United States District Court, D. Hawaii

May 26, 2016

KEVIN MCGUIRE, BOP #03841-22, Plaintiff,
v.
CREDIT COLLECTION SERV. COMMERCIAL, RECOVERY PARTNERS, LLC, FARMERS INSURANCE, Defendants.

          ORDER DISMISSING COMPLAINT PURSUANT TO 28 U.S.C. § 1915(e)(2)

          DERRICK K. WATSON UNITED STATES DISTRICT JUDGE

         Before the court is pro se Plaintiff Kevin McGuire’s pleading, titled “Notice of Motion and Motion to Enjoin the Defendants from attempts to obtain double-recovery in violation of statute 15 U.S.C. §§ 1692f and 1692j through provisions of 28 U.S.C. § 1335 and Haw. Rev. Stat. § 657-11.” Doc. No. 1. The court construes this document as Plaintiff’s civil Complaint, in which he alleges Defendants Credit Collection Services, Recovery Partners, LLC, and Farmers Insurance violated his rights under the Fifth, Sixth, and Fourteenth Amendments, the Fair Debt Collection Practices Act (“FDCPA”), 15 U.S.C. §§ 1692e(6)(A), 1692f, and 1692g, and the “State of Hawaii Consumer Protection Act, ” Hawaii Revised Statutes, Section 480-13.[1] See, Doc. Nos. 1 (Compl.); 2 (Pl.’s Mem. in Supp.); and 3 (Pl.’s Decl.).

         Plaintiff is proceeding in forma pauperis. Doc. No. 6. For the following reasons, Plaintiff’s Complaint is DISMISSED with leave to amend for failure to state a claim pursuant to 28 U.S.C. § 1915(e)(2).

         I. BACKGROUND[2]

         Plaintiff was taken into custody on or about April 21, 2015, pursuant to his conviction in United States v. McGuire, Cr. No. 14-00389 HG (D. Haw. Mar. 13, 2015) (Doc. No. 51).[3] He is presently incarcerated at FCI Sheridan.

         On February 18, 2015, two months before Plaintiff was taken into custody, he was involved in a traffic accident on Kaukonahua Road, Oahu. The other driver was insured by Defendant Farmers Insurance. See Doc. No. 3-1, PageID #22. Plaintiff was issued a traffic citation for failure to keep registration documents in the vehicle. Id., PageID #24-26.

         On March 23, 2015, the District Court of the First Circuit, State of Hawaii, Wahiawa Division, entered Default Judgment against Plaintiff for $70.00, for his failure to answer its notice of traffic infraction. Id., PageID #24.

         By letter dated March 24, 2015, Farmers Insurance notified Plaintiff at P.O. Box 92, Waialua, HI 96791, that it had attempted to contact him to discuss their insured’s claim, but was unable to reach him. Id., PageID #22-23. Farmers Insurance provided Plaintiff a prepaid envelope and telephone number so that he could respond.

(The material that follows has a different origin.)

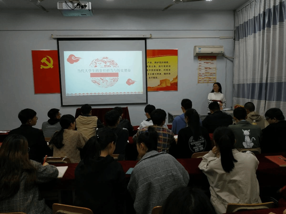 2018年11月4日晚上6:30,我院第五期分党校入党积极分子培训班第八讲在四楼党团活动室进行。本次课程的主讲人为新材料与能源学院学生党支部学生党员陈璐同志,授课的主题是当代大学生的责任担当与历史使命。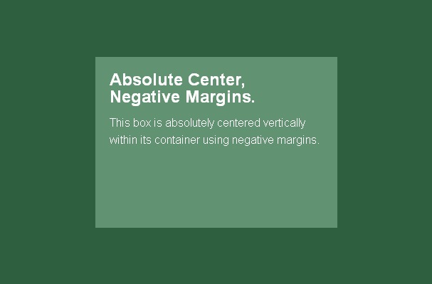 這或許是最常用的方法。如果知道了各個(gè)元素的大小,設(shè)置等于寬高一半大小的負(fù)margin值(如果沒有使用box-sizing: border-box樣式,還需要加上padding值),再配合top: 50%; left: 50%;樣式就會(huì)使塊元素居中。

         By letter dated April 22, 2015, Defendant Credit Collection Services notified Plaintiff at P.O. Box 1032, Waialua, HI 96791, of its subrogated claim against him for $1, 151.81, regarding the February 18, 2015 accident. Doc. No. 3-2, PageID #30. The letter informed Plaintiff that if he provided proof of valid insurance coverage, they would suspend recovery efforts against him personally, and that failure to respond could result in legal action contingent on applicable state law.

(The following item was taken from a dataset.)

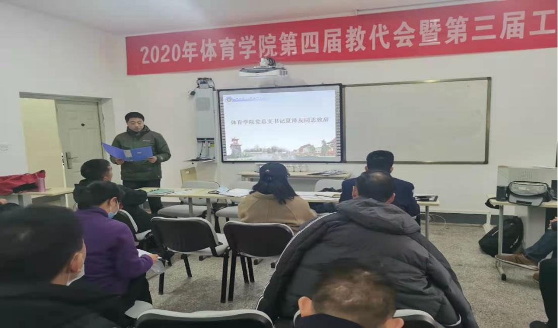 党总支书记夏泽友同志在开幕式致辞中代表学院党总支对大会的召开表示热烈祝贺!并提出了会议要求和学院发展希望,他谈到,在常态化疫情防控背景下,2020年体育学院上上下下保持大无畏战斗精神,围绕学校“两大考场”顺利完成了各项年度工作任务,保障了学院师生健康和平安。工作成绩的取得,与全体教职工的付出、与学院工会和教代会的工作密不可分,希望全体与会代表以饱满的热情,共同完成大会预定的各项议程,把本次会议开成一个发扬民主、献计献策、凝聚力量、求真务实、开拓进取、团结奋进的大会。

         By letter dated May 29, 2015, the City and County of Honolulu Division of Motor Vehicle, Licensing and Permits notified Plaintiff at P.O. Box 92, Waialua, HI 96791, that his drivers license had been suspended. Doc. No. 3-1, PageID #27.

         By letter dated July 13, 2015, Defendant Credit Collection Services notified Plaintiff at P.O. Box 92, Waialua, HI 96791, that it had tried to contact him unsuccessfully numerous times regarding a subrogated claim of $14, 256.00. Doc. No. 3-2, PageID #29. They told him again that if he provided valid insurance information, efforts to recover the debt would be suspended, and that a failure to do so could result in legal action.

         By letter dated November 23, 2015, Defendant Recovery Partners notified Plaintiff that Farmers Insurance had referred a debt of $7, 526.48, incurred from the February 18, 2015 accident, to them for collection. Doc. No. 3-3, PageID #31.

         On March 14, 2016, Recovery Partners offered settlement of the debt for $6, 379.32. Id., PageID #32. This letter noted, however, that the amount due was $9, 814.34, and stated that failure to resolve the claim “may also result in our client pursuing legal action against you.” Id.

         Plaintiff says he received notice of the traffic court judgment and insurance claims against him when a family member forwarded them to him at FCI-Sheridan, but he does not allege when this occurred. On April 11, 2016, Plaintiff filed the present suit.

         Plaintiff alleges Defendants violated: (1) the FDCPA, 15 U.S.C. §§ 1692(e) & (e)(6), 1692f, 1692g(a) by failing to personally serve him notice of their intent to collect a debt pursuant to Rules 4, 5, “16(a)(1)(e) [sic], ” and 26 of the Federal Rules of Civil Procedure, and Rule “58(d)(G) [sic]” of the Federal Rules of Criminal Procedure; (2) his right to due process and a fair hearing under the Fifth, Sixth, and Fourteenth Amendments; and (3) Hawaii Revised Statutes §§ 480-13 & 657-11.[4] Compl., Doc. No. 1, PageID #3-4. He also claims that Defendants are trying to obtain double-recovery of damages. Plaintiff seeks compensatory and punitive damages, and injunctive relief.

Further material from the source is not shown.